## Task description
The required answer is an exact copy of every line from the beginning of the entries through the line with "low-top trainers, leather, suede, perforated, multicolour, brand", with all pictures omitted.

## Material to process
——————————

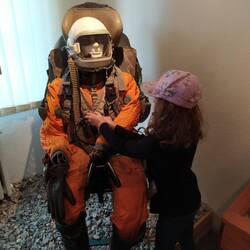 Niclas als Pilot. Selina wartet auf den Abflug.
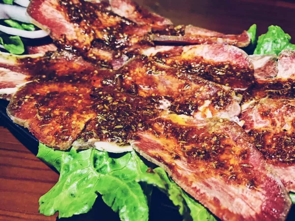 烤牛舌最有名的应当是日本仙台,但有趣的是纯种的日本和牛牛舌并不适合烤来吃,一是太小,二是太肥,所以一般仙台烤的都是加拿大、澳洲或者美国牛舌。日本和牛的牛舌一般用来做刺身,嗯,我猜你开始脑补牛舌刺身和你舌头亲密接触的画面了。
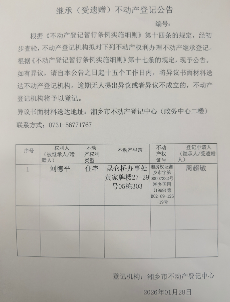 索引號:4303000006/2026-1416084 發布機構:不動產信息公開 發布目錄:不動產登記公告
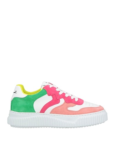 low-top trainers, leather, suede, perforated, multicolour, brand logo, leather lining, lace-up, round toe, rubber cleated sole, contains non-textile parts of animal origin
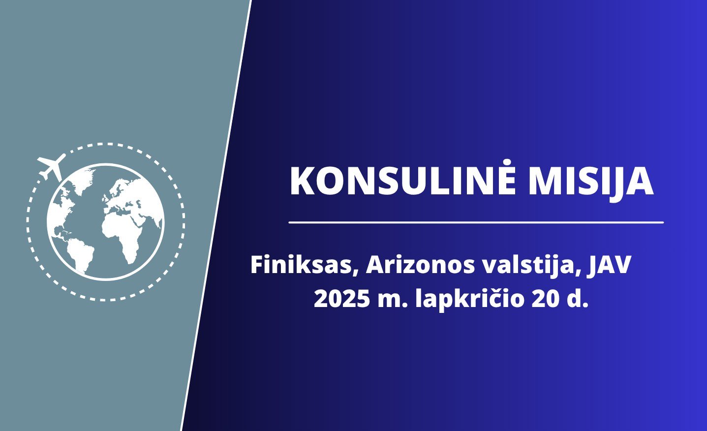 November 20, 2025 @ 9:00 am - 6:00 pm Konsulinė misija. Phoenix, AZLapkričio 20 d. Lietuvos konsuliniai pareigūnai teiks konsulines paslaugas Finikso mieste, Arizonos valstijoje.Konsulinė misija vyks adresu: bus paskelbta vėliau.Asmenys lapkričio 20 d. (ketvirtadienį) bus priimami nuo 09.00 iki 18.00 val., Konsulinės misijos metu bus aptarnaujami tik iš anksto užsiregistravę ir registracijos patvirtinimą gavę […]
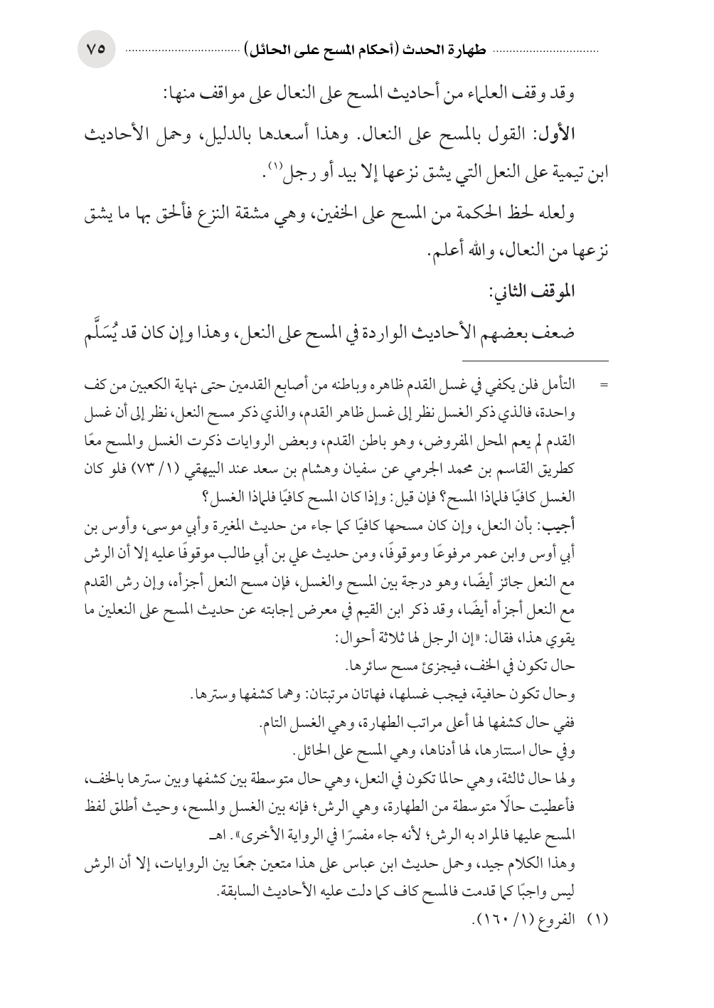 = التأمل فلن يكفي في غسل القدم ظاهره وباطنه من أصابع القدمين حتى نهاية الكعبين من كف واحدة، فالذي ذكر الغسل نظر إلى غسل ظاهر القدم، والذي ذكر مسح النعل، نظر إلى أن غسل القدم لم يعم المحل المفروض، وهو باطن القدم، وبعض الروايات ذكرت الغسل والمسح معًا كطريق القاسم بن محمد الجرمي عن سفيان وهشام بن سعد عند البيهقي (١/ ٧٣) فلو كان الغسل كافيًا فلماذا المسح؟ فإن قيل: وإذا كان المسح كافيًا فلماذا الغسل؟
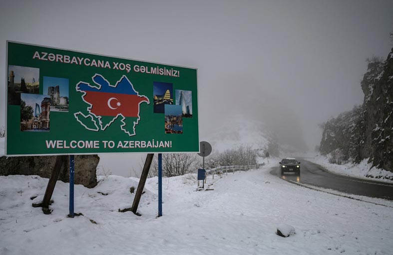 على مسافة أمتار قليلة، يراقب حارسان أرمينيان مزودان بندقيتي كلاشنيكوف، الحدود بشكل مستمر. إلى جانبهما لافتة موضوعة حديثا تقول إنك تدخل أذربيجان وخلفها يرفرف علم الدولة فوق معسكر مراقبة الحدود.
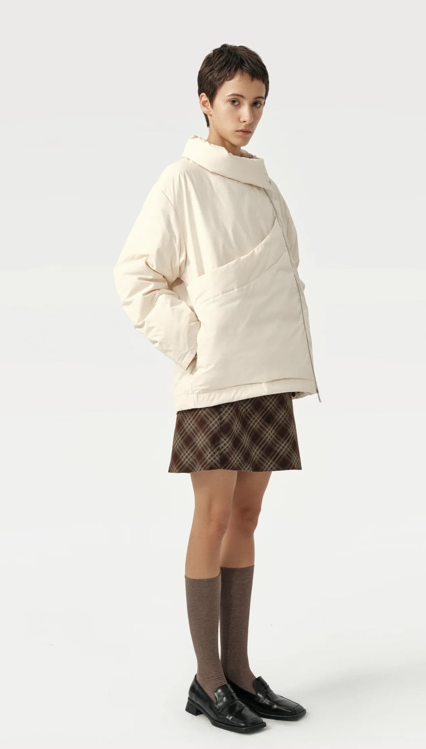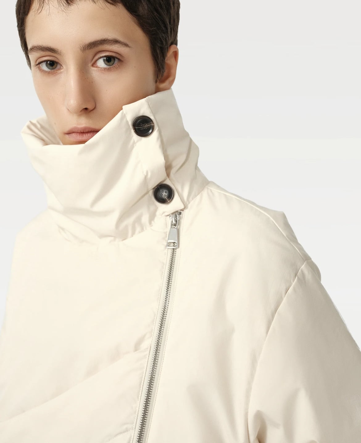 斜めに配置されたジップや、立ち襟の使用でモードなお印象でご着用いただけます。
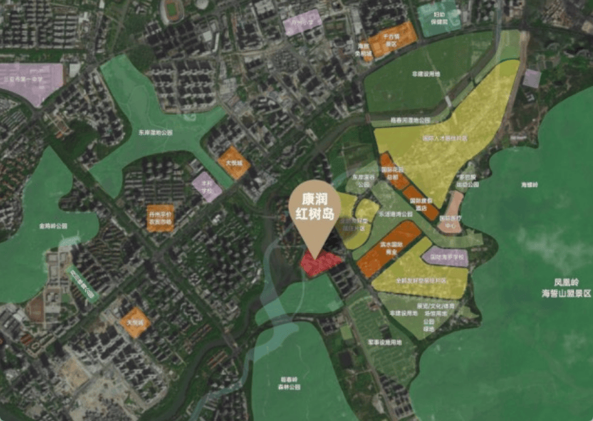 4.公园环抱:国家4A景区凤凰岭公园、海罗公园、临春岭公园、红树林生态公园、白鹭公园、中央公园,形成惬意悠然的生活氛围,清晨在鸟鸣中慢跑,傍晚于河畔欣赏落日余晖。
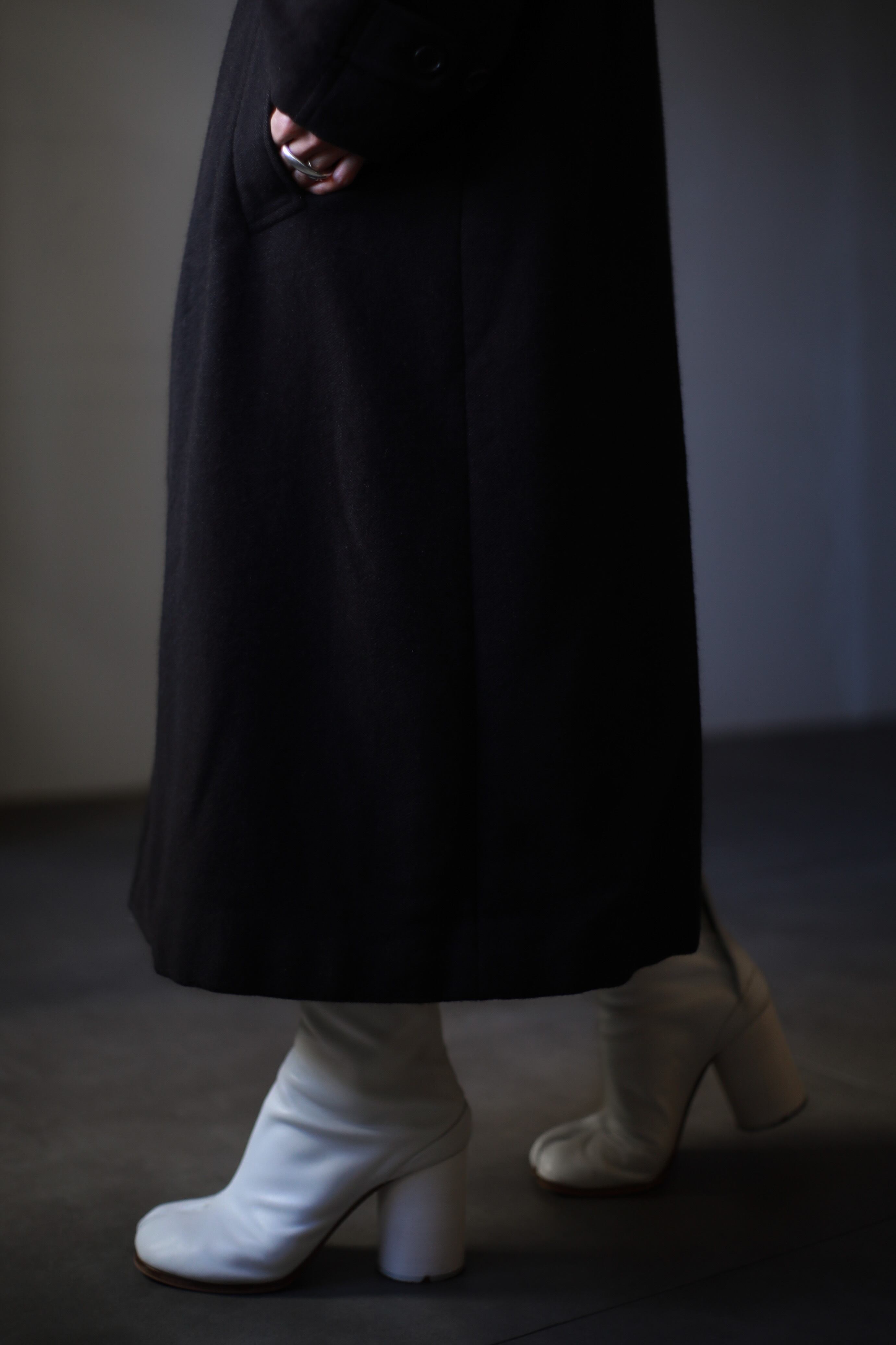 を体現するようなコートで着た時の感じが凄く良かったです。肩周りも動かしやすいですし、カシミヤミックスなので厚手ですが着た感じがそこまで重くなくてノンストレス。
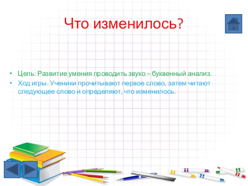 Слайд 5Цель: Развитие умения проводить звуко – буквенный анализ.
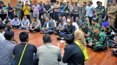 Turut mendampingi Bupati dalam menyambut massa aksi adalah jajaran Forum Koordinasi Pimpinan Daerah (Forkopimda) plus Danrem 022 Pantai Timur, Sekretaris Daerah Mixnon Andreas Simamora, serta sejumlah pejabat pimpinan tinggi pratama di lingkungan Pemerintah Kabupaten Simalungun.

——————————

## Output
 Niclas als Pilot. Selina wartet auf den Abflug.
 烤牛舌最有名的应当是日本仙台,但有趣的是纯种的日本和牛牛舌并不适合烤来吃,一是太小,二是太肥,所以一般仙台烤的都是加拿大、澳洲或者美国牛舌。日本和牛的牛舌一般用来做刺身,嗯,我猜你开始脑补牛舌刺身和你舌头亲密接触的画面了。
 索引號:4303000006/2026-1416084 發布機構:不動產信息公開 發布目錄:不動產登記公告
 low-top trainers, leather, suede, perforated, multicolour, brand logo, leather lining, lace-up, round toe, rubber cleated sole, contains non-textile parts of animal origin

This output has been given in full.